Find the volume of the vase

Question

I am told that the shape of a vase can be modelled by rotating the curve with equation $16x^2-(y-8)^2=32$ between $y=0$ and $y=16$ completely about the $y$-axis. I'm asked to find the volume of the vase.

I would like to solve this using triple integrals. I can see that I need to compute something of the form $$\iiint_D r\,dr\,d\theta \,dz$$

I'm not sure where I need to go from here though.

I appreciate that this may not be the simplest way to do this but this is the way I've been asked to solve the problem.

Answer 1

$r = x\\ r^2 - (y-8)^2 = 32\\ r = \sqrt {\frac{32 + (y-8)^2}{16}}$

$\int_0^{2\pi}\int_0^{16}\int_0^{\sqrt{\frac{32 + (y-8)^2}{16}}}r\, dr\, dy\, dt$

Before we integrate lets make the substitution $y' = y-8$

$\int_0^{2\pi}\int_{-8}^{8}\int_0^{\sqrt{\frac{32 + y'^2}{16}}} r\,dr \,dy'\, dt\\ \int_0^{2\pi}\int_{-8}^{8}\frac 12 r^2 |_0^{\sqrt{\frac{32 + y'^2}{16}}} \,dy'\, dt\\ \int_0^{2\pi}\int_{-8}^{8}\frac 12 (\frac{32 + y'^2}{16}) \,dy'\, dt\\ \int_0^{2\pi} y' + \frac 1{96} y'^3 |_{-8}^{8} \, dt\\ \int_0^{2\pi} \frac {80}{3}\, dt\\ \frac {160\pi}{3}$

Answer 2

I am studying it as well so I won't presume to be official and ultimately correct. I would note that for every $0 \le y\le 16$, the equation gives you two symmetric $x$ values, $x=\pm {\sqrt{(y-8)^2+32}\over 4}$. Rotating the curve about the $y$-axis, you get that for every $0 \le y_0\le 16$, there is a flat area about the $y$-axis confined by the circle $x^2+z^2=x_0^2=({\sqrt{(y_0-8)^2+32}\over 4})^2={{(y_0-8)^2+32}\over 16}$.

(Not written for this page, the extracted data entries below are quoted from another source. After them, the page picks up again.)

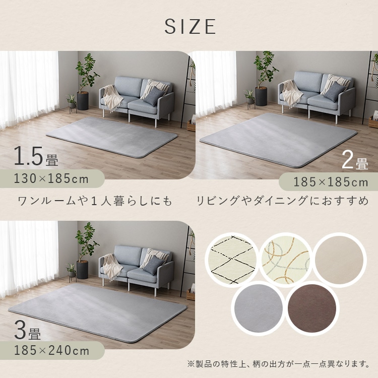 1.5畳(130×185cm)/2畳(185×185cm)/3畳(185×240cm)
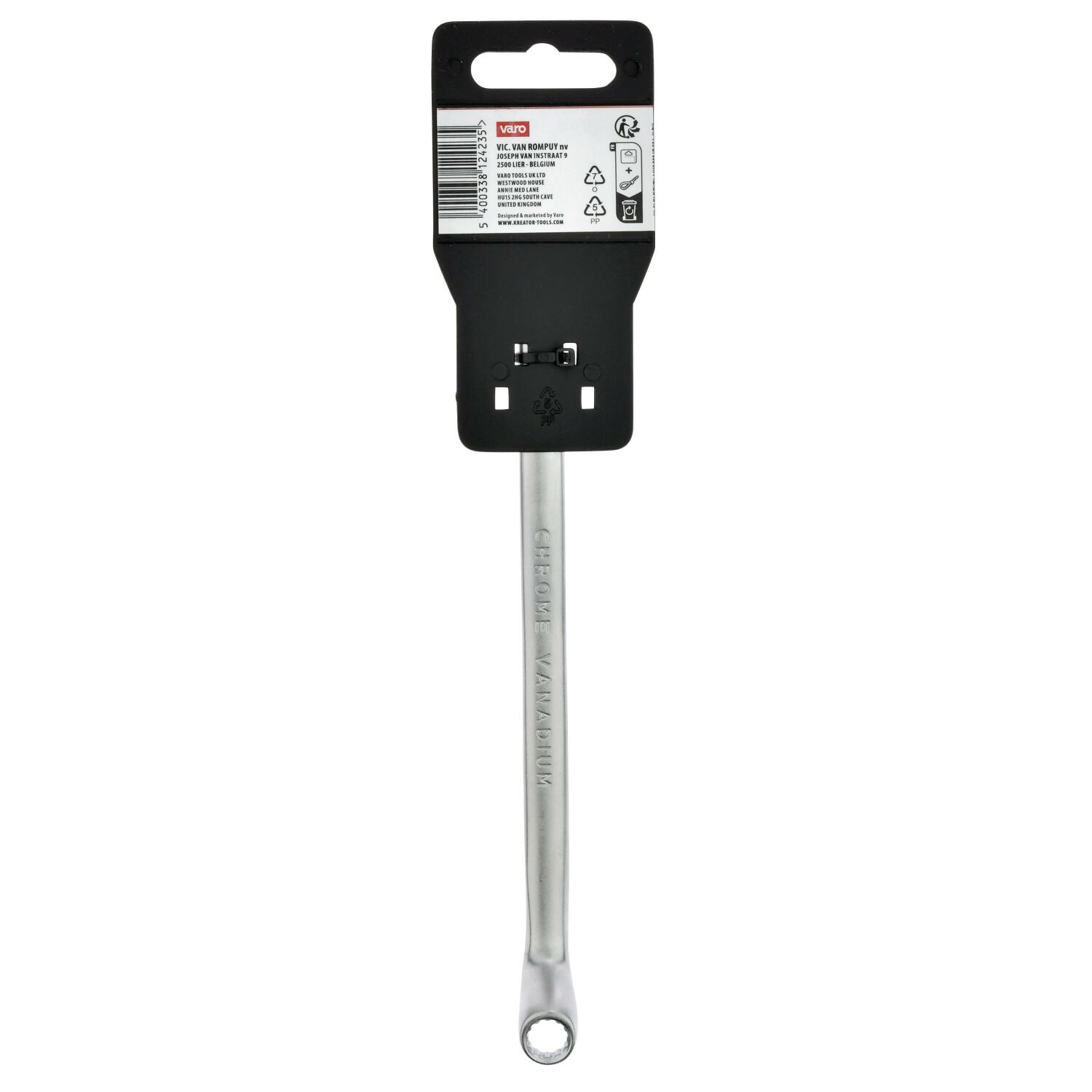 Двойной кольцевой ключ KREATOR длиной 130 мм изготовлен из высококачественного хром-ванадия, что обеспечивает эффективную передачу силы благодаря конструкции с наклонным кольцом. Этот инструмент идеально подходит для легкого доступа к различным размерам гаек и болтов.
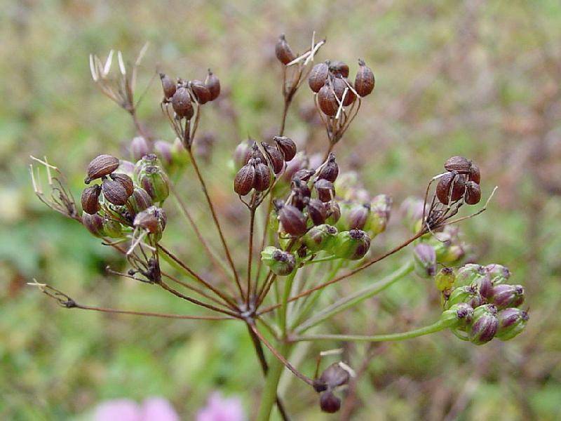 The fruits (seeds) contain essential and fatty oils, coumarins (have a beneficial effect on the blood composition), phenols and flavonoids (have a positive effect on the circulatory system).
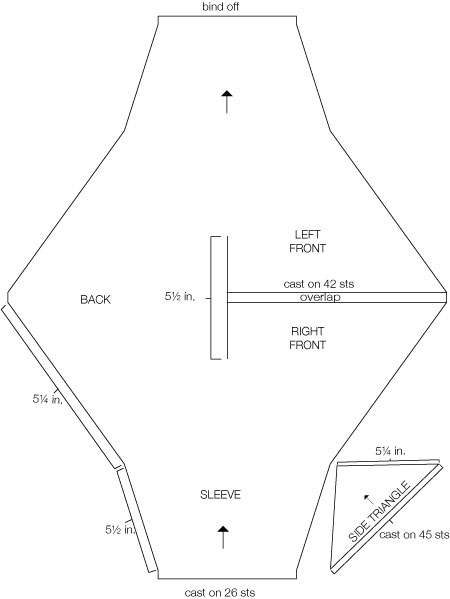 Begin Garter st and shape sleeve by inc 1 st at beginning and end of every 16th (8th, 10th) row 2 (5, 5) times–26 (38, 40) sts.

Now, set $y=h$ (the height of the figure). $x=r\cos \theta, z=r\sin \theta$, where $r\le{\sqrt{(h-8)^2+32}\over 4}$. i.e. Cylindrical coordinates. I will add my calculations as soon as I am done...

I get a volume of ${160\pi\over 3} $ which is also arrived at using wolframalpha. I then let $0\le \theta\le 2\pi$, and get:

$\int_{0}^{16}\int_{0}^{2\pi}\int_{0}^{{\sqrt{(h-8)^2+32}\over 4}}rdrd\theta dh=2\pi\int_{0}^{16}{1\over 2}{(h-8)^2+32 \over 16}dh={\pi\over 16}\int_{0}^{16}((h-8)^2+32)dh={\pi\over 16}\int_{0}^{16}(h^2-16h+96)dh$.